- [Supplied data]:

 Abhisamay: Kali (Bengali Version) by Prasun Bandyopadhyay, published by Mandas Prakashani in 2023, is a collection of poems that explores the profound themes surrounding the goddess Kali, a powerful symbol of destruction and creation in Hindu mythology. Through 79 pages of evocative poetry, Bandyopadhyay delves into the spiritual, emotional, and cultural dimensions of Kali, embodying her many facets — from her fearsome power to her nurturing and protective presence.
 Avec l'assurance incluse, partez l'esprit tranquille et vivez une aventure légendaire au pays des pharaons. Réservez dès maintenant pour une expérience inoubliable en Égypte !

--

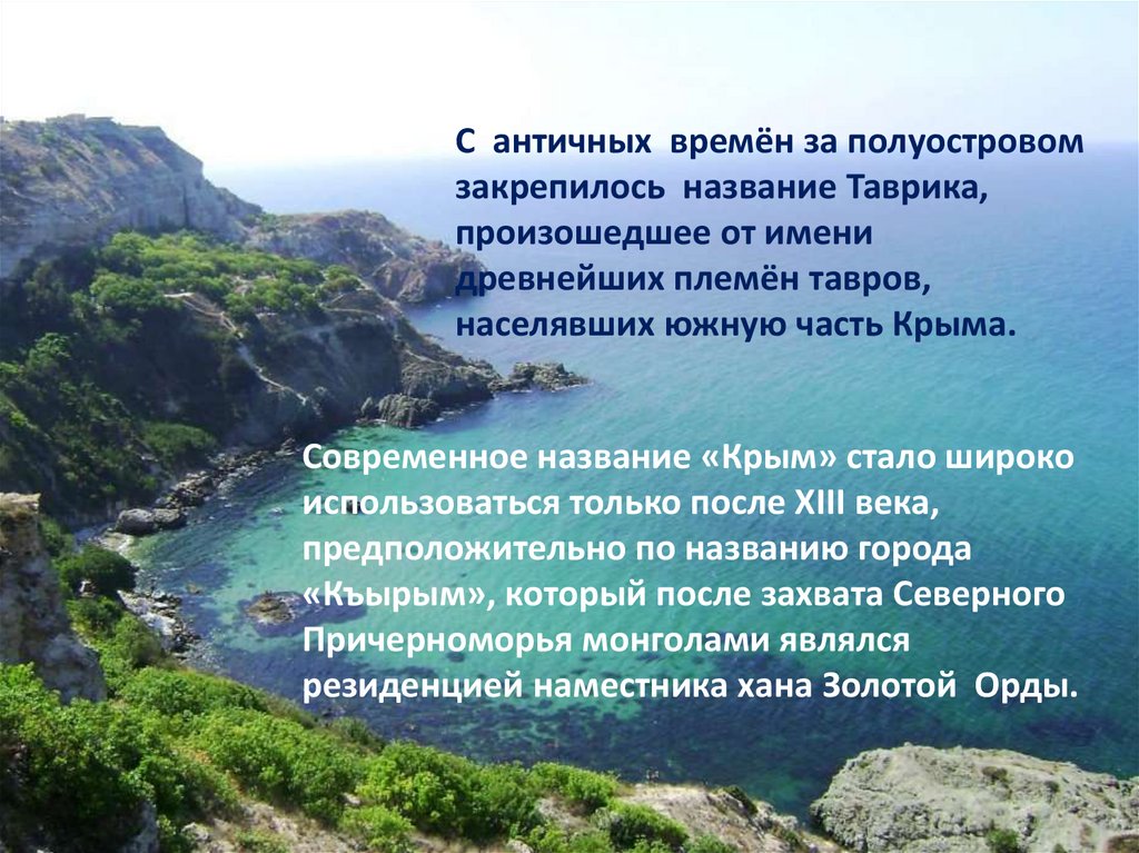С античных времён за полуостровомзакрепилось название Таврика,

- [Problem to solve]: Of the entries above, repeat exactly the lines from the line with "Abhisamay: Kali (Bengali" through the line with "Avec l'assurance incluse, partez", both of them included.

- [Response to the exercise]:
 Abhisamay: Kali (Bengali Version) by Prasun Bandyopadhyay, published by Mandas Prakashani in 2023, is a collection of poems that explores the profound themes surrounding the goddess Kali, a powerful symbol of destruction and creation in Hindu mythology. Through 79 pages of evocative poetry, Bandyopadhyay delves into the spiritual, emotional, and cultural dimensions of Kali, embodying her many facets — from her fearsome power to her nurturing and protective presence.
 Avec l'assurance incluse, partez l'esprit tranquille et vivez une aventure légendaire au pays des pharaons. Réservez dès maintenant pour une expérience inoubliable en Égypte !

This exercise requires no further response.